Elkhart Mayor Dick Moore has ordered Grace Lawn Cemetery to close, Sunday.
We told you about the erosion happening on the cemetery property.
Moore says the erosion is due to low river levels and little rainfall.
He says closing the cemetery will protect people who are walking around the area and will also preserve the cemetery.
Moore adds the city's emergency management team will be on watch until further notice.
Anyone wishing to visit a grave site can call the cemetery for arrangements.
Moore says construction to stabilize the riverbank will begin soon.
Original story from July 13:
There's a problem behind the gates of the historic Grace Lawn Cemetery on Middlebury Street in Elkhart.
It's a problem Kelly Anderson saw first hand when she was fishing. "It comes all the way down," she says referring to the erosion along the river.
She was alarmed to see how bad it has gotten, so she talked with the groundskeeper, the police and with FOX 28 to make sure the issue is being addressed. "It really irritated me," she says.
Grace Lawn was dedicated in the 1800's. Many of the city's founders are buried there, and so are an estimated 100 Civil War soldiers. You can see how close the gravestones are to the edge. So we went to city leaders, who assure us they've been working on a solution.

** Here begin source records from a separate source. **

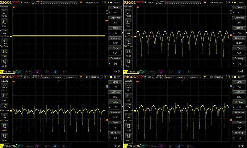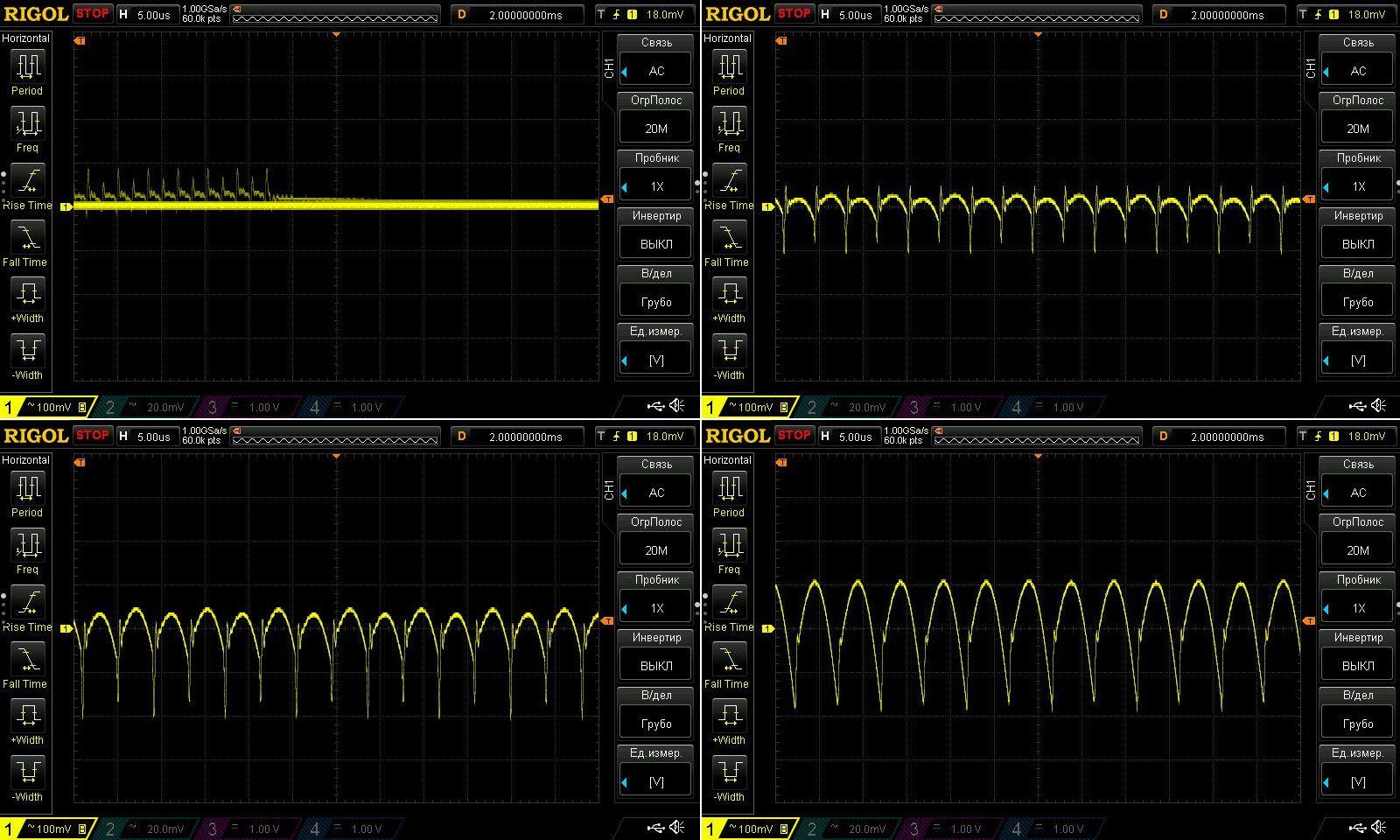 Но суть такая, что полный размах пульсаций во всем диапазоне составляет примерно до 250-300мВ, что для источников питания такой мощности и напряжения вполне нормально.
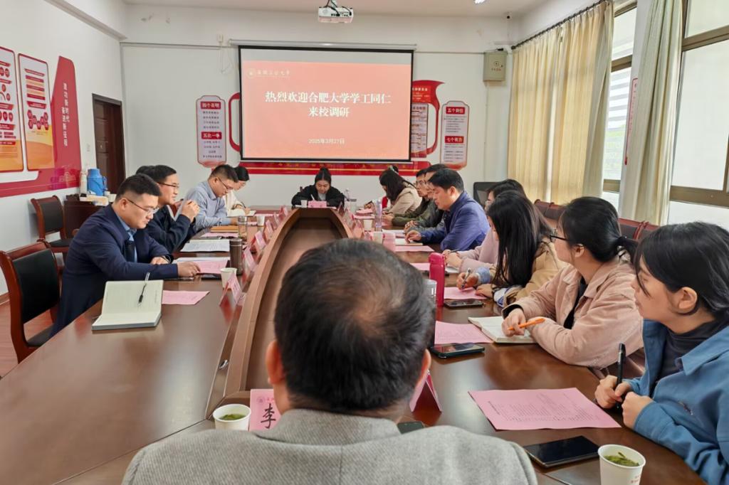 张应杰简要介绍了合肥大学辅导员队伍建设、辅导员名师工作室建设情况,对本次调研会的开展和学校的热情接待表示感谢。希望以此为契机,学习借鉴安徽工业大学辅导员队伍建设、辅导员名师工作室、团学工作等方面的经验做法,深化校际交流与合作,实现互学互鉴、互促互进。(撰稿:苏蔚 审核:赵龙 林颖)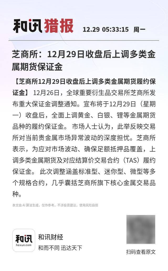 【芝商所12月29日收盘后上调多类金属期货履约保证金】12月26日,全球重要衍生品交易所芝商所发布重大保证金调整通知。宣布将于12月29日(星期一)收盘后,全面上调黄金、白银、锂等金属期货品种的履约保证金。市场人士认为,此举反映交易所对当前贵金属市场异常波动的深度担忧。芝商所表示,为应对市场波动、确保足额抵押品覆盖,上调多类金属期货及对应结算价交易合约(TAS)履约保证金。此次调整涵盖标准型、迷你型、微型等多个规格合约,几乎囊括芝商所旗下核心金属交易品种。

"It's important because it's sacred ground," says Executive Assistant to the Mayor Arvis Dawson. "It's where ancestors, people's families lay. We want to make sure their internment is secure." Dawson says Public Works' engineers just came up with a design plan. They'll open it up for bids, and a company will step in and get to work.
What they'll do then is two-fold. First they'll clear brush from along the river, then they'll put in about 350 square yards of what's called riprap. The goal is to prevent future erosion. "We want to make sure that we stabilize it going forward," Dawson says.
Kelly Anderson says that is a step in the right direction. "It makes me feel really well, because I was about to tell them that I was going to take a sack of dirt out there myself," she says.